**Problem requirements**. A single number is required: how many lines in the entries hold the word "while".

**Dataset entries**.
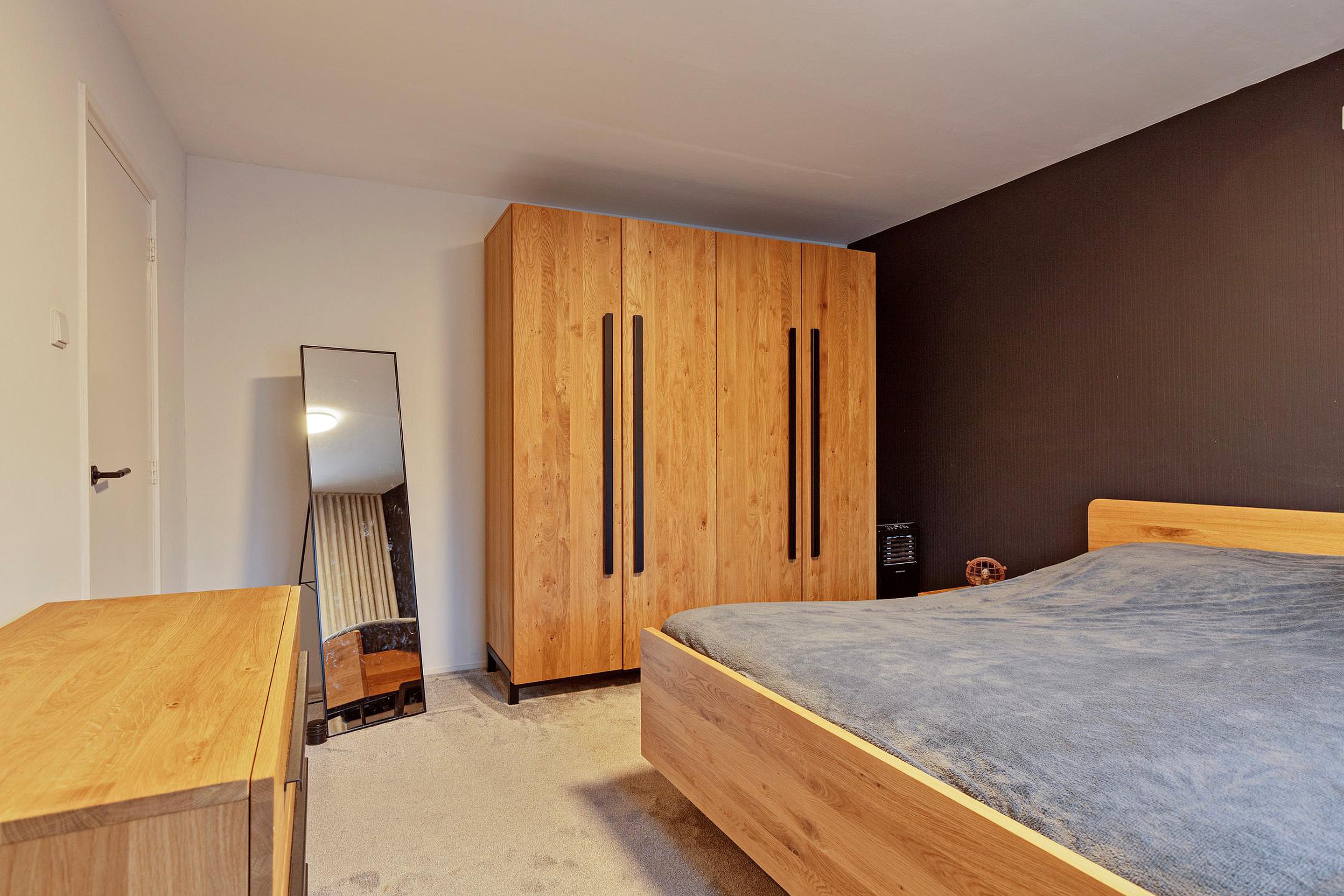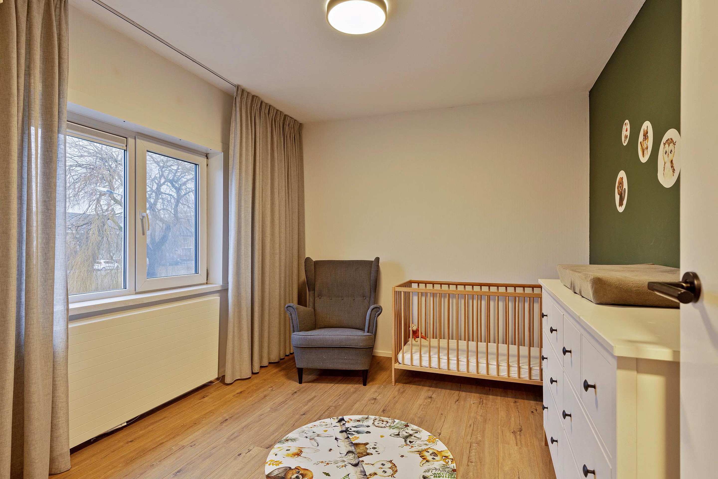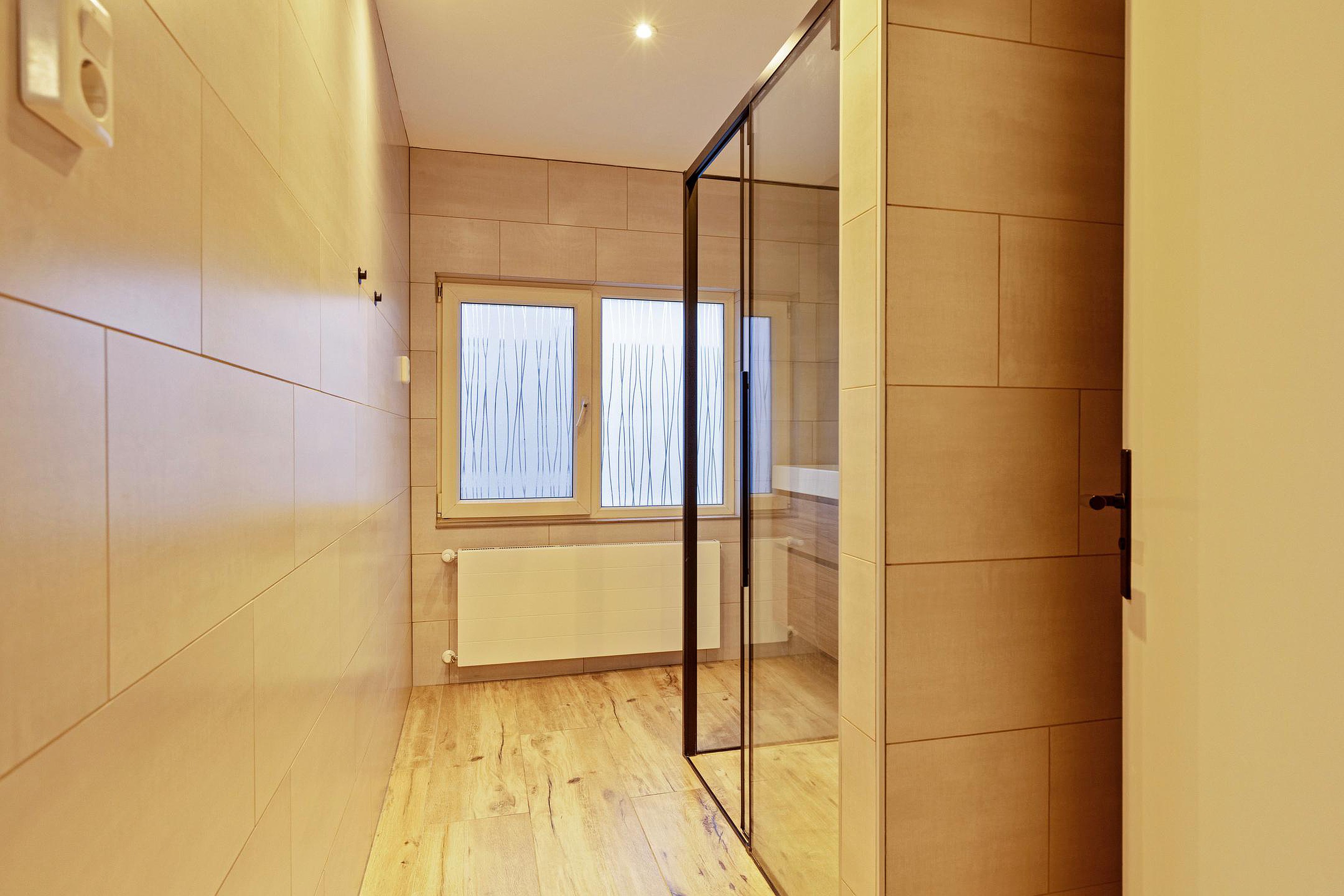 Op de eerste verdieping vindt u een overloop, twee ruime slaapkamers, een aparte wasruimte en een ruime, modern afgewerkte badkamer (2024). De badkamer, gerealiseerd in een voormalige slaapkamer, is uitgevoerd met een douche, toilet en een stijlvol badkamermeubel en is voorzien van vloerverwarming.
...
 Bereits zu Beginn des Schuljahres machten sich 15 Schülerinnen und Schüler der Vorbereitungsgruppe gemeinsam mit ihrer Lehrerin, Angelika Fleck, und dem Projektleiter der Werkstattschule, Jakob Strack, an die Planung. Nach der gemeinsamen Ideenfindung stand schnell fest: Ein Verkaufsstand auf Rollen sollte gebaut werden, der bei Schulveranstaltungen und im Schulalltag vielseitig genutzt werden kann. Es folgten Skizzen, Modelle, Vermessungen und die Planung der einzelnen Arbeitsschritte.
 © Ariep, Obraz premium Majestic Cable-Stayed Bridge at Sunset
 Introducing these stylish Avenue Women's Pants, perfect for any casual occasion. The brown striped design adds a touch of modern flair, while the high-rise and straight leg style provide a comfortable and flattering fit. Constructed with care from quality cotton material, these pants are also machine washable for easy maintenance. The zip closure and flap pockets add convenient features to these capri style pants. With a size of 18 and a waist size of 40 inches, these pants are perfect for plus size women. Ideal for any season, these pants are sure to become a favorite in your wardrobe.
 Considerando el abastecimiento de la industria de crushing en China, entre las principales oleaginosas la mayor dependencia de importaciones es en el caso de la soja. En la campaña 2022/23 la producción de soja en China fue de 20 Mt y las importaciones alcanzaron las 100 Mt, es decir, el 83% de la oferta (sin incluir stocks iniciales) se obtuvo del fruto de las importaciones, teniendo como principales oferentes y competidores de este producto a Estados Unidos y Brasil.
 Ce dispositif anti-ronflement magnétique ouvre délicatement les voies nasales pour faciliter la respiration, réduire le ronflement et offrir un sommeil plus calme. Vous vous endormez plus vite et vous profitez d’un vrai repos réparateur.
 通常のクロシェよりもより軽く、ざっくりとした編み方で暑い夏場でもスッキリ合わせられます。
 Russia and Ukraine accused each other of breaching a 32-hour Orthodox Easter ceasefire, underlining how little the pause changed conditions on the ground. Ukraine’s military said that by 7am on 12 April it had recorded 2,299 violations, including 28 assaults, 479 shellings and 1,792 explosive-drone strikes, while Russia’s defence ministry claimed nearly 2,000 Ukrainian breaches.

**Exercise result**. 2